With both ends included, repeat exactly the lines of the entries below from the one containing "A Wooded Landscape" down to the one containing "A 3D coffee", and no others.

→ **Data for the task**
• • • • •

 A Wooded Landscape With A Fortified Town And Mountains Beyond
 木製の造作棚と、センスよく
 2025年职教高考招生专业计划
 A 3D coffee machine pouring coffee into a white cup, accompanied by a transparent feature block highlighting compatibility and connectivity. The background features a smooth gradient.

• • • • •

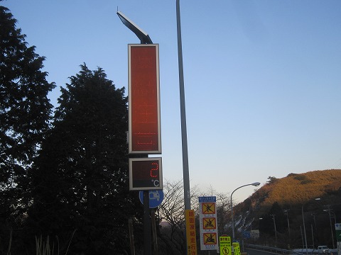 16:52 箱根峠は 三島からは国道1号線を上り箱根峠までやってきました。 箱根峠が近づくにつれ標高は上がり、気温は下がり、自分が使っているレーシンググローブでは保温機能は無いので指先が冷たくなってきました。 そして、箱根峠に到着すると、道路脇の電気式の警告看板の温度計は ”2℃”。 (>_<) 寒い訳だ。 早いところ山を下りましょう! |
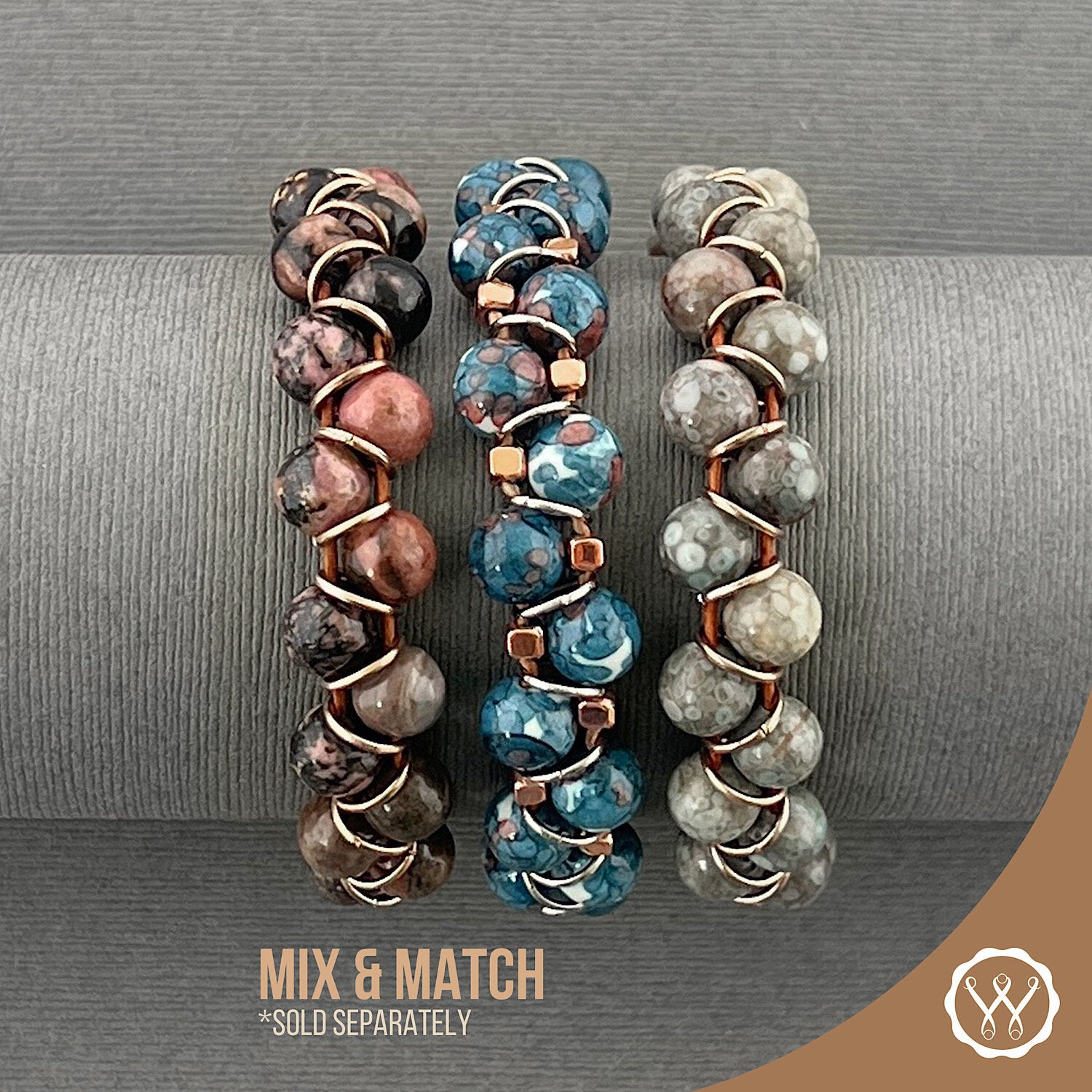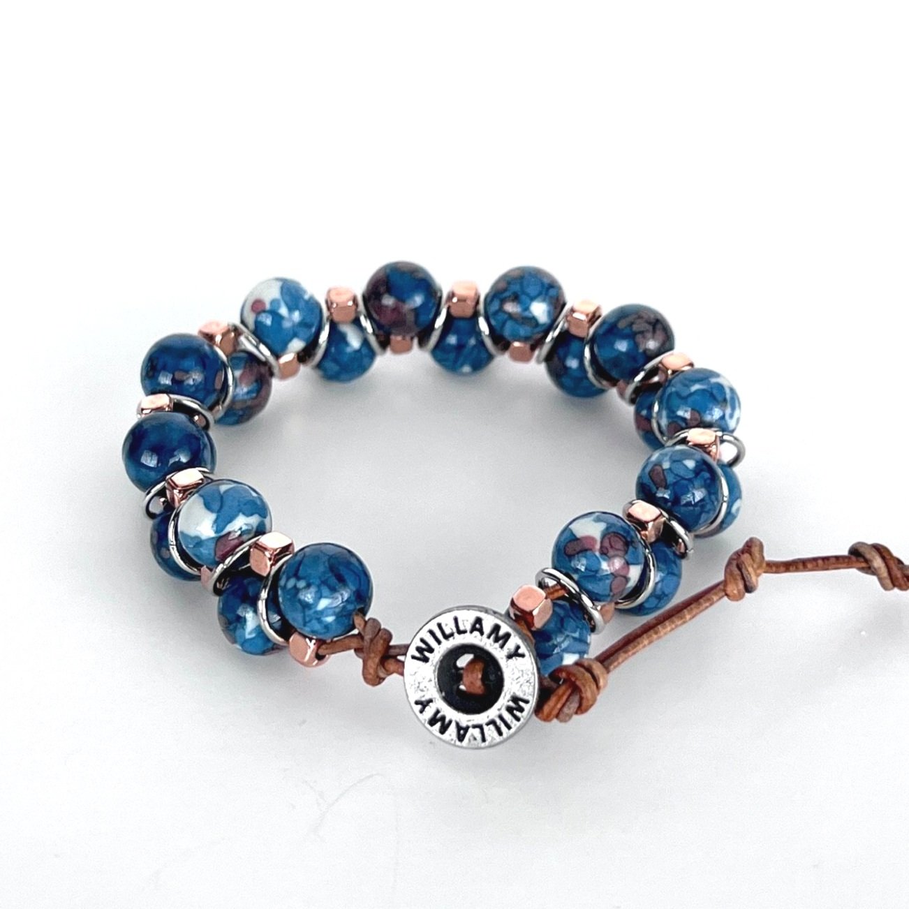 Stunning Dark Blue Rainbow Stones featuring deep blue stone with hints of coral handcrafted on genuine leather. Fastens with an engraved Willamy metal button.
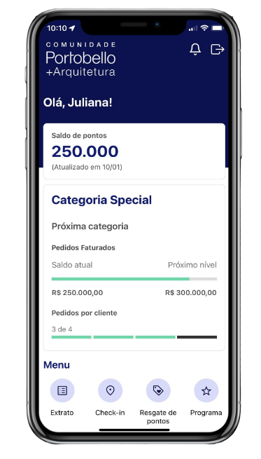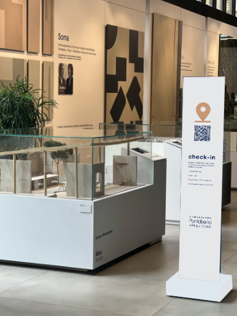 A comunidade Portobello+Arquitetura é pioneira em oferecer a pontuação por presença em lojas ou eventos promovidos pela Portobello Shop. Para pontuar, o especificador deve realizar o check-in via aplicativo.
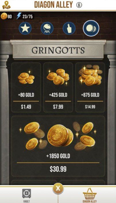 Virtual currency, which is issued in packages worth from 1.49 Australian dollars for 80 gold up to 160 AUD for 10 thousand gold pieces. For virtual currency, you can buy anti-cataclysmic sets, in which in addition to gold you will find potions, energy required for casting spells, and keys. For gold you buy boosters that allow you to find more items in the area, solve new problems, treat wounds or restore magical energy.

• • • • •

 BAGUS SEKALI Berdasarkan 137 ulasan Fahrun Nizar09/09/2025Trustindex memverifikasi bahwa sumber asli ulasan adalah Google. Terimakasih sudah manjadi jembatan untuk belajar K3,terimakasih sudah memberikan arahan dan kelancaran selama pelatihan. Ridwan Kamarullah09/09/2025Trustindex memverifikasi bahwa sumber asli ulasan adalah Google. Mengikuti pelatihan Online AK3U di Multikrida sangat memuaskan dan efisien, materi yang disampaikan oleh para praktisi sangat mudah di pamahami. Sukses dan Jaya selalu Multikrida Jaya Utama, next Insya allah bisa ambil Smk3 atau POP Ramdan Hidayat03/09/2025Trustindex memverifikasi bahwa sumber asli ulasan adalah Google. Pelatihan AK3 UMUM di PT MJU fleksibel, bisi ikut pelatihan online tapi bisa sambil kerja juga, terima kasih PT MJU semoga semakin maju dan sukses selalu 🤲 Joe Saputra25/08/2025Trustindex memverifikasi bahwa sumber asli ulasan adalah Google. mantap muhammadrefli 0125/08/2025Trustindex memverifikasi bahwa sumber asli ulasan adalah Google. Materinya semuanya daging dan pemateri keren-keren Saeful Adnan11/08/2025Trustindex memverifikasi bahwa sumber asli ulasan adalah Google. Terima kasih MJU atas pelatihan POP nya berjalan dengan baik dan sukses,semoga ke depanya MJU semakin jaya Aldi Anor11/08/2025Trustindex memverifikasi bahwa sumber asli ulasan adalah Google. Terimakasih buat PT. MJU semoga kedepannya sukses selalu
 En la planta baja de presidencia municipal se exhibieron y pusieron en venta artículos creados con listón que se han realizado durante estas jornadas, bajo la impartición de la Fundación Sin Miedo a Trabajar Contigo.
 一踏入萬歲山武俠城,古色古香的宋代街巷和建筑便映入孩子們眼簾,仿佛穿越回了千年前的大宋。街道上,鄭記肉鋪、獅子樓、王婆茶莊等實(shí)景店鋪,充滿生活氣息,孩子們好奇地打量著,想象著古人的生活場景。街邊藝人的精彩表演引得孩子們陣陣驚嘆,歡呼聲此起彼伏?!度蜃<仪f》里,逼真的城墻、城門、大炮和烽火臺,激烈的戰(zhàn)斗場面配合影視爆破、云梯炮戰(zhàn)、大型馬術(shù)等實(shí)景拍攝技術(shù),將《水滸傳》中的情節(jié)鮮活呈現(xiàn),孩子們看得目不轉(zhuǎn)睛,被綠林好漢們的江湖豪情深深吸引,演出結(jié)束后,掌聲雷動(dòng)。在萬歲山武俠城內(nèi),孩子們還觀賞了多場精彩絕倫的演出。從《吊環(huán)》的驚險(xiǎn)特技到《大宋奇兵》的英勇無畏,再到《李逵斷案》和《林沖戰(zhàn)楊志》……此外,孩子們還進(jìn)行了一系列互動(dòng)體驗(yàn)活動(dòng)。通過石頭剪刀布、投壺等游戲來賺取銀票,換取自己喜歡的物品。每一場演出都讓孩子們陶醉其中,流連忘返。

• • • • •

→ **Response to this task**
 A Wooded Landscape With A Fortified Town And Mountains Beyond
 木製の造作棚と、センスよく
 2025年职教高考招生专业计划
 A 3D coffee machine pouring coffee into a white cup, accompanied by a transparent feature block highlighting compatibility and connectivity. The background features a smooth gradient.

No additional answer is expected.